There are three aspects to Mr Ward’s appeal that create insurmountable barriers for him:
(a)The High Court’s costs regime is prescribed by the High Court Rules 2016. Those rules are underpinned by the “general principles” that the unsuccessful party shall pay costs to the successful party and that the rules provide a predictable, consistent and expedient method of determining costs.[5]
(b)The Supreme Court has explained that it is a “primary rule” that a lay litigant in New Zealand is not entitled to recover costs against an unsuccessful party.[6] While the Supreme Court left open the issue as to whether or not it is possible for the primary rule to be departed from in exceptional circumstances, the longstanding practice in New Zealand is that successful lay litigants are not entitled to costs.
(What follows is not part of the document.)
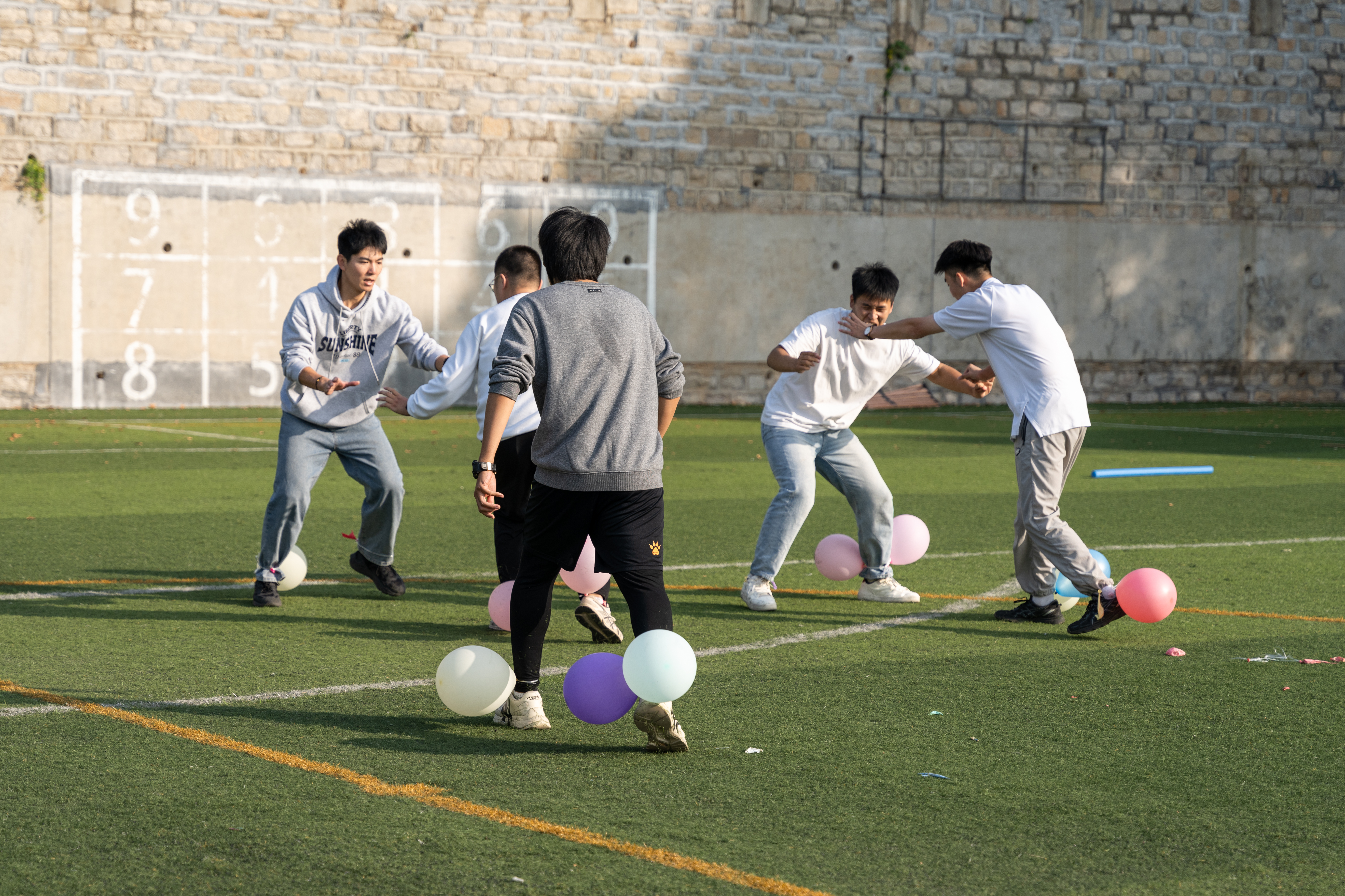 本次素质拓展活动融竞技性与娱乐性于一体,包括精心设置的团队合作项目和精彩的文艺表演。在主持人的带领下,参与同学以团队形式开展了“踩气球”“两人三足进阶版”“蒙眼踢球”和等富含趣味性和团队合作的拓展游戏。同学们按照比赛规则在主持人的引导下积极参与。活动过程中,同学们们齐心协力、密切配合,现场氛围十分活跃。在此起彼伏的加油声和欢声笑语中,本次素质拓展活动落下帷幕。

(c)A costs decision involves the exercise of judicial discretion. Accordingly, an appellate court should not interfere with a costs order unless satisfied the Judge acted on a wrong principle, failed to take into account some relevant consideration, took into account an irrelevant consideration or was plainly wrong.[7]
[5]High Court Rules 2016, r 14.2(a) and (g).
[6]McGuire v Secretary for Justice [2018] NZSC 116, [2019] 1 NZLR 335 at [55].
[7]May v May (1982) 1 NZFLR 165 (CA) at 170.
The converse position of the primary rule, which we have summarised at [9(b)] is that there is no reason in principle why costs should not be ordered against an unsuccessful lay litigant provided all relevant considerations are taken into account before the court makes such an award. It is also important for the courts to refrain from punishing an unsuccessful lay litigant solely on the basis that they have elected not to have legal representation.
In the present case, Katz J, after having concluded that Mr Ward’s causes of action against Mr Lochore were “untenable”, took the entirely orthodox step of awarding costs and disbursements in favour of Mr Lochore.
There is nothing discriminatory in the costs order made by Katz J. Nor is there any basis for Mr Ward’s complaint that the “primary rule” concerning costs somehow undermines the principle of equity before the law. Had Mr Ward engaged counsel and succeeded in the High Court, he would have been entitled to costs. The fact he chose to not be represented and lost does not mean that he was treated unfairly or that the costs regime creates inequality before the law.
Mr Ward cannot point to any basis for suggesting that Katz J acted on a wrong principle, that she took into account an irrelevant factor, failed to take into account a relevant factor or that her judgment was plainly wrong. In these circumstances we are satisfied Mr Ward’s appeal cannot possibly succeed. It is therefore appropriate that his appeal be brought to an end.
Result
The application for an extension of time under r 29A is declined.
Mr Lochore is entitled to costs in this Court for a standard application on a band A basis.